By 1871, when Ralph Waldo Emerson went on an extended trip to the American West, he was already something of a cultural institution. The encounter between a treasured public intellectual and a landscape thought to represent that nation's ideals is the subject of Brian C. Wilson's The California Days of Ralph Waldo Emerson.

The trip to California was planned and funded by John Murray Forbes, a wealthy industrialist whose son, Will, had married Emerson's youngest daughter, Edith, six years earlier. Emerson scholars have long known of the journey, which lasted roughly a month and a half, but the episode usually receives short shrift in biographies. Emerson was considered past his prime, already slipping into the penumbral dementia that Christopher Hanlon has chronicled in Emerson's Memory Loss. And his record of the trip is surprisingly sketchy. Emerson's journals of this period are sparse, and most of the letters he sent home were lost. An exception is the charming note he sent his grandson describing sea lions basking off the coast of San Francisco: “Some of them are twelve feet long, that is, if they could stand upright on their hind-feet they would be twice as tall as I am.” (77)

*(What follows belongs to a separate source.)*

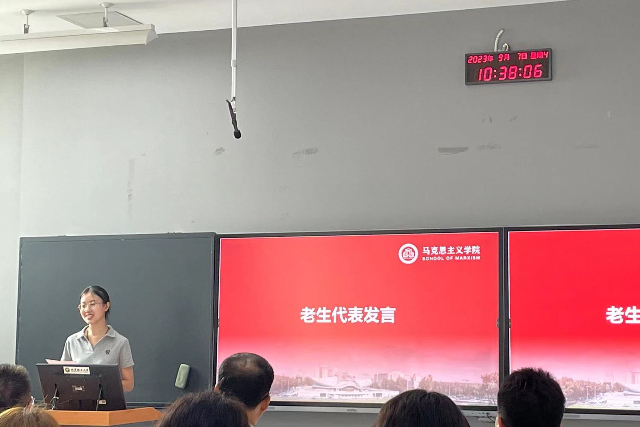 党委书记刘存福代表学院党委向全体新生表示了热烈欢迎,并提出了三点希望,一是要坚定马克思主义信仰,要在马信马、在马习马、在马言马,认真践行马克思主义,不做“本本主义”者;二是要提升专业素质,真学、真信、真懂、真用马克思主义理论,潜心问道、勤学笃行,在规范化、系统化的学术训练、学术培养中,逐步成长为合格的马克思主义理论专业人才;三是要传播好党的创新理论,同学们不仅要做马克思主义理论的学习者、研究者,还必须做马克思主义的传播者、捍卫者,要发挥理论优势,讲好马克思主义理论中国化、时代化的故事。

Wilson has found a way around this lack of primary source material by focusing on a cache of letters from a member of Emerson's entourage, the lawyer and constitutional law theorist James Bradley Thayer, who chronicled the trip in daily letters to his wife, Sophia Bradford Ripley Thayer. The group accompanying Emerson included Forbes's large family and Wilkie James, son of Henry James, Sr., who was still recovering from physical and psychic wounds incurred during service in the Civil War. But it is Thayer who commands center stage. Emerson's experiences during the long train trip west and then in California is refracted through the genial perspective of a Transcendentalist acolyte who relished every meal or cigar shared with the celebrated older man.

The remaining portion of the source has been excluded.